_Task goal_
Determine how many lines in the records hold "foundation", and give that number with nothing added.
Excerpted data Block Start
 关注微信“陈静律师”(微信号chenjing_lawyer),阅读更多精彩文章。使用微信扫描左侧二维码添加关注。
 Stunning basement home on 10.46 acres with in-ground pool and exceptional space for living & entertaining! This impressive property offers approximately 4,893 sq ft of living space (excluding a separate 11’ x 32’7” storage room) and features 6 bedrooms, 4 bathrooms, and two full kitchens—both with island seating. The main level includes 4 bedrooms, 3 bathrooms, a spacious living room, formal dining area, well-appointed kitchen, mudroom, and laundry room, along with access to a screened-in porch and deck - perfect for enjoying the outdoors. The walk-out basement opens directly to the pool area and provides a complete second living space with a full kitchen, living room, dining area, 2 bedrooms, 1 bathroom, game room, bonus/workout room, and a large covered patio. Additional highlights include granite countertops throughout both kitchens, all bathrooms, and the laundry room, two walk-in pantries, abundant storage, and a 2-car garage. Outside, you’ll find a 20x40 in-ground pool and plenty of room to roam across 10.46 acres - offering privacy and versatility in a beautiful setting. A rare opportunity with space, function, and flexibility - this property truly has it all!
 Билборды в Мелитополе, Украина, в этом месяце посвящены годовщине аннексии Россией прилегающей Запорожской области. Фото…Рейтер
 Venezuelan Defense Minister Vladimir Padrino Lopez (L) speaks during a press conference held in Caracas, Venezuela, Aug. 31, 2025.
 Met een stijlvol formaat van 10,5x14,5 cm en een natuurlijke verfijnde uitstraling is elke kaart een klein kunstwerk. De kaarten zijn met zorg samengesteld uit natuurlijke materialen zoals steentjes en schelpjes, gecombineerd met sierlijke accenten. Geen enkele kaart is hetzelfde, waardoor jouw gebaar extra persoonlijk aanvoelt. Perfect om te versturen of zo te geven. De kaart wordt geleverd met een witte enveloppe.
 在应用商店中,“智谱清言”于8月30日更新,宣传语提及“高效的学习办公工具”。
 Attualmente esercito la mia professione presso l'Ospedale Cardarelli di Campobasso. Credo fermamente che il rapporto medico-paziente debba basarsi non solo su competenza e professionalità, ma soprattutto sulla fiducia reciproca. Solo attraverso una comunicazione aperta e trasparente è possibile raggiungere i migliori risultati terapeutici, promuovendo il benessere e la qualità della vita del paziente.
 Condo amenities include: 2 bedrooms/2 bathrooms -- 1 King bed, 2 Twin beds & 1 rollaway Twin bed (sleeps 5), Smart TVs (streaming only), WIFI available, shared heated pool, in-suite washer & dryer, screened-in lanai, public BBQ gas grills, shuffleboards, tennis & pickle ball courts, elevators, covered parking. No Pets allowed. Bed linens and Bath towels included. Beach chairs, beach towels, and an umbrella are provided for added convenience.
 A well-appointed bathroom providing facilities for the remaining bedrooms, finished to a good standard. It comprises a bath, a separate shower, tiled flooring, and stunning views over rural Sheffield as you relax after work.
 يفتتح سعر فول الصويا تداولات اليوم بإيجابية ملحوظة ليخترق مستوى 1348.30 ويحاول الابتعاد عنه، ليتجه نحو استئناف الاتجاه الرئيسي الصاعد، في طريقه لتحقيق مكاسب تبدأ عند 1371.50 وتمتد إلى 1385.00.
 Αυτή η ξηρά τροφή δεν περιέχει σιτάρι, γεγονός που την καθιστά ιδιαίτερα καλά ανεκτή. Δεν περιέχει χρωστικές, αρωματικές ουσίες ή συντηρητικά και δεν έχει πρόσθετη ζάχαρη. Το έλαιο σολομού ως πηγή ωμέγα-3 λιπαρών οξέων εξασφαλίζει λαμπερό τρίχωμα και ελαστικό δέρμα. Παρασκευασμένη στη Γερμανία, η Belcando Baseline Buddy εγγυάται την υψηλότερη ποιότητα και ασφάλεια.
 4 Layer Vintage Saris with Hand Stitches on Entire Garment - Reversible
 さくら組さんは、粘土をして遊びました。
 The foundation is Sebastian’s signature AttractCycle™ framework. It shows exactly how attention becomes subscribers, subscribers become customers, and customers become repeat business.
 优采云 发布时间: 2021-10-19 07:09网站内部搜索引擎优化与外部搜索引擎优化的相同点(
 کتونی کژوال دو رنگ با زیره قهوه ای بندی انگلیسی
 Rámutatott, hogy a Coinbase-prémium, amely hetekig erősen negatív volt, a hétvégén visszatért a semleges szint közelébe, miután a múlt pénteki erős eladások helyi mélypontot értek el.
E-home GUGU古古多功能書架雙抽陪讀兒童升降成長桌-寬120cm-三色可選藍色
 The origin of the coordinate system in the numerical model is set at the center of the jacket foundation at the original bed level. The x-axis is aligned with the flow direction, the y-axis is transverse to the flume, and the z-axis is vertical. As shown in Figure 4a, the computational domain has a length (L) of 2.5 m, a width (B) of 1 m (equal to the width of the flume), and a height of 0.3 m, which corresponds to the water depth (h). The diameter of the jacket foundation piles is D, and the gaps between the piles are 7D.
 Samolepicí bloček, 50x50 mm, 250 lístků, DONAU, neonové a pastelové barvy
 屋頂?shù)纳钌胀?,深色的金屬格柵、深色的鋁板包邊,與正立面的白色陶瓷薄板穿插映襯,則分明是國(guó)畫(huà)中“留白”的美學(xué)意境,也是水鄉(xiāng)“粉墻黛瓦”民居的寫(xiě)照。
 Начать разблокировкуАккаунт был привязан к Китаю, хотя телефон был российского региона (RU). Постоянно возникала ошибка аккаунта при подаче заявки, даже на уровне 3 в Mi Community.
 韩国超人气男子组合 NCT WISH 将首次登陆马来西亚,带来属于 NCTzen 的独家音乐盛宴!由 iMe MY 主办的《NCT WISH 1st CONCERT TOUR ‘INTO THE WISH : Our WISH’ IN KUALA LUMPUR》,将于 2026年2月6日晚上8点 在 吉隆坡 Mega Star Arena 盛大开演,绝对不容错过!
Excerpted data Block End
_Worked solution_
2